With the pictures left out, print exactly the lines below that run from the one containing "- Grand foyer" through the one containing "H&M White Sweater".

Recorded data section start

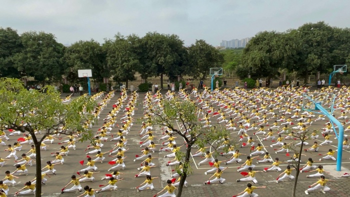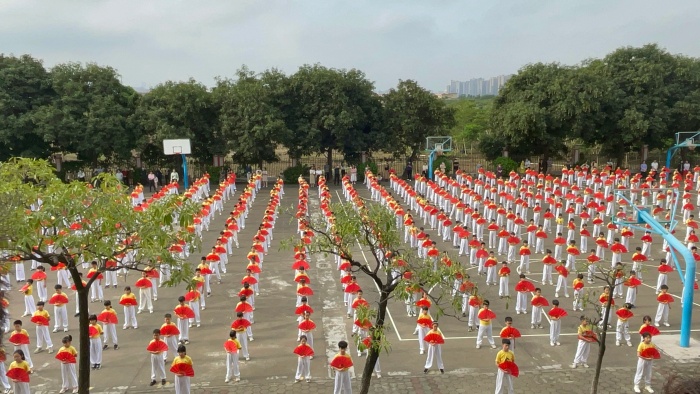 隨著音樂聲響起,同學們快速地整裝列隊來到操場上,家長們也一起前往,感受西小的陽光大課間。伴著輕快的樂曲,孩子們的扇操盡顯英氣,出腿、揮扇,干脆利落,氣勢如虹。健美操活力四射,處處散發(fā)著青春的朝氣。八段錦剛?cè)嵯酀徽幸皇饺缧性屏魉?,每個人都展示出西小學子健康向上、不屈不撓的精神。家長們紛紛露出贊賞的眼神,給予高度認可。
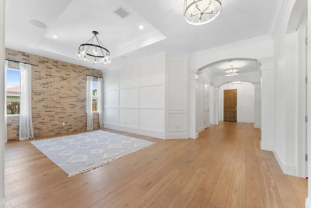 - Grand foyer with custom tray and coffered ceilings & arched transitions
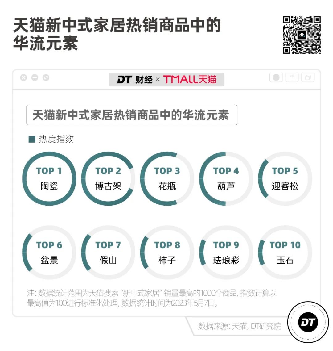 小红书数据显示,#新中式风格的家 话题获得3.4亿浏览量,#中式装修 浏览量1亿,年轻人乐意在充满禅意与木质香气的空间里日常起居。在新中式家居的淘宝热销商品中,陶瓷、博古架、花瓶、葫芦、迎客松等华流元素受欢迎。
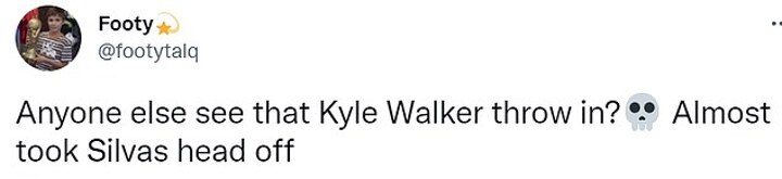 'Anyone else see that Kyle Walker throw in? Almost took Silva's head off,' one fan tweeted.
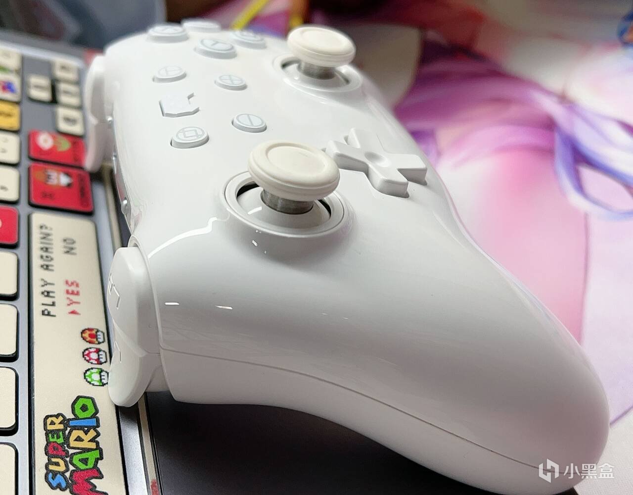 这一代手柄明显和上一代手柄有质的提升,如果说上一代鲜明的棱角,这一代是完美的弧度,边缘设计饱满,拿在手上圆滚滚的十分舒适,并且由于整体变大了,更加适合中大手的玩家打游戏。
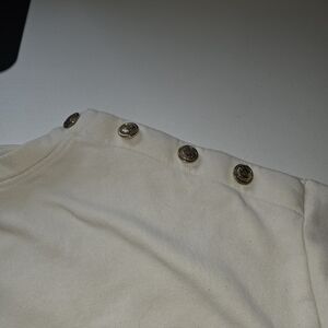 H&M White Sweater with 'À Paris' Print Large Gold Shoulder Buttons 60% Cotton
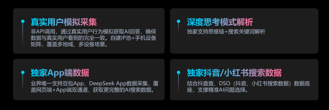 移动端,才是GEO行业海量用户的真实入口,更是数据价值的核心来源。目前市面上绝大多数竞品,仍停留在PC端数据层面,部分甚至直接调用B端API数据,根本无法真实还原用户实际使用场景、真实需求与所见回答信息,导致数据参考价值大打折扣,难以支撑精细化运营与KA客户服务。
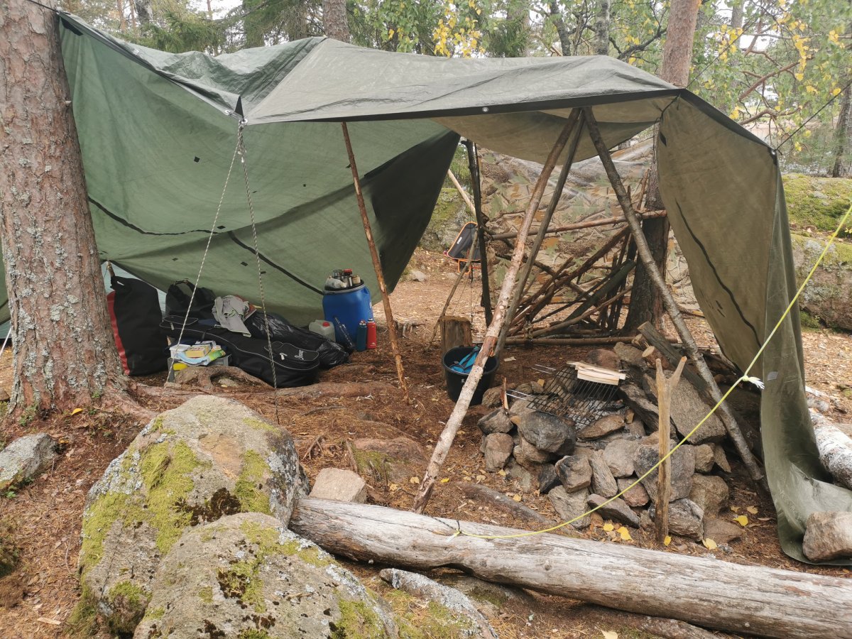 Wir hatten neben der zusätzlich gebuchten Plane noch 2 Tarps dabei. Folgende Tage hat André immer wieder unser Lager neu an den Wetterverhältnissen angepasst. Soll heißen: Mit Wind- und Wetterradar, Erfahrung und Köpfchen… die Tarps und somit unseren Shelter angepasst.
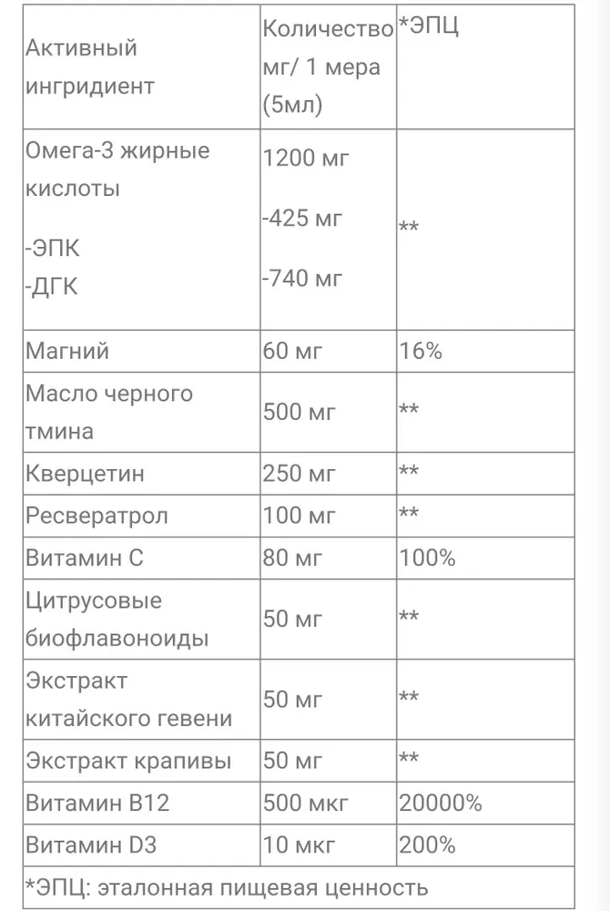 Важная информация: не содержит потенциальных аллергенов, таких как сахар, соль, крахмал, дрожжи, соя, кукуруза, глютен и молочные продукты. Синтетические консерванты и подсластители не использовались. Подходит для вегетарианцев. * Постановление об использовании декларации о состоянии здоровья в пищевых продуктах и пищевых добавках (официальный вестник № 32169 от 20.04.2023 г.) Рекомендация по применению: взрослым и детям в возрасте от 11 лет и старше рекомендуется употреблять по 1 мере (5 мл) в день. Предупреждения: не превышайте рекомендуемую суточную дозу. Пищевые добавки не могут заменить обычное питание. Храните в недоступном для детей месте. ЭТО НЕ ЛЕКАРСТВО.

Recorded data section end

*Response area:*
 - Grand foyer with custom tray and coffered ceilings & arched transitions
 小红书数据显示,#新中式风格的家 话题获得3.4亿浏览量,#中式装修 浏览量1亿,年轻人乐意在充满禅意与木质香气的空间里日常起居。在新中式家居的淘宝热销商品中,陶瓷、博古架、花瓶、葫芦、迎客松等华流元素受欢迎。
 'Anyone else see that Kyle Walker throw in? Almost took Silva's head off,' one fan tweeted.
 这一代手柄明显和上一代手柄有质的提升,如果说上一代鲜明的棱角,这一代是完美的弧度,边缘设计饱满,拿在手上圆滚滚的十分舒适,并且由于整体变大了,更加适合中大手的玩家打游戏。
 H&M White Sweater with 'À Paris' Print Large Gold Shoulder Buttons 60% Cotton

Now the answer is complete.